Hill training was a big part of my training, mostly because I actually enjoy climbing for some reason. Also, I wanted to compete in a time trial style bike race and managed to talk Eileen and Tony into joining me at the Cougar Mountain Hill Climb. Alley, Shell and Lil’K, were there for support and at one point drove next to me cheering me on. The support is usually what gets me, or us, through the tough parts of any event. It’s always fun during a race to see were they find to cheer you from.
My goals for the year were;
Olympic Distance tri - Federal Way Escape, 5th in age group 30th overall
Sub 20 for a 5K - 19:42
Top 50 in the Kirkland tri - 57th Overall - 50th Males
Improve Open water swim - Totally!
I Hit all my goals for the year and got a marathon added in to boot. The marathon could of been better, but I was happy and satisfied considering the achilles and I.T. problems I had in training.
What I learned?
This year I learned right from the beginning that you can’t limit yourself to what you think you can handle or achieve.

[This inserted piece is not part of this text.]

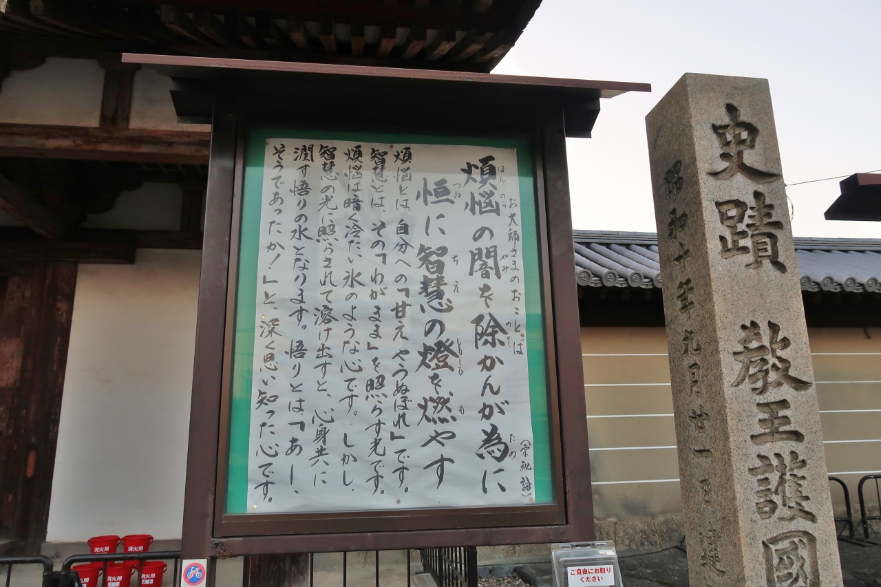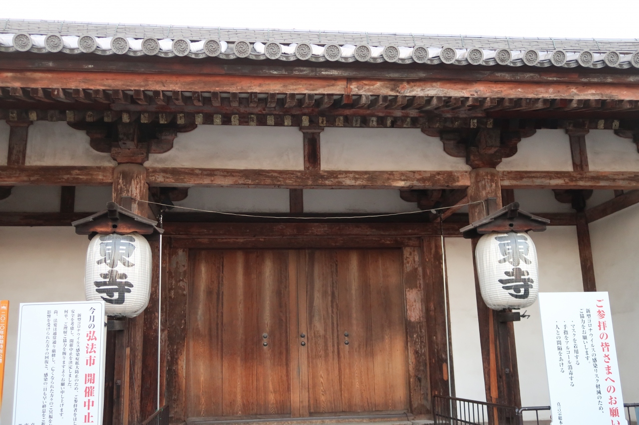 鎌倉時代に造られた東寺の門の一つで、大宮通りに面しています。正門の南大門の方から入場しましたが、思っていたよりもずっと広大な境内を散策している内に、閉門になってしまいました。午後5時過ぎまで開いているのは、この慶賀門のみで、現在は東寺のメインゲートになっているようです。大師堂から食堂の前を通り、駐車場を早歩きして横切り、何とか外に出ることができました。門前に掲げてあった「お大師さまのおことば」を読んで、東寺を後にしました。

That when it comes down to it you’re the only one standing in your way. I wanted to come out this year and just throw it down and feel like a triathlon racing for a place, rather than just trying to survive the day.
I love the race, personal race, that plays in my head during events. Tempting to raise the pace, giving feedback on sustainable efforts, screaming to run my own race. Comparing race effort with training effort and where the “redline” lies for the day.
The support that Alley gave me this year was amazing. Long hours away on the bike and run. Then coming to make sure I made it back to shore during key swim workouts. All the race support and making sure I’m out the door with everything, cheering and explaining to strangers why I kept yelling “mango!” : )
Before every race I still get nervous and wonder what the hell I’m doing. I failed PE once for sure, maybe even twice during high school and always think someone’s going to call me on that before a race, saying something like, ‘Sorry this is the wave for the real athletes’. I’ve just had this feeling like someone was going to realize, ‘hey you can’t start doing this now!’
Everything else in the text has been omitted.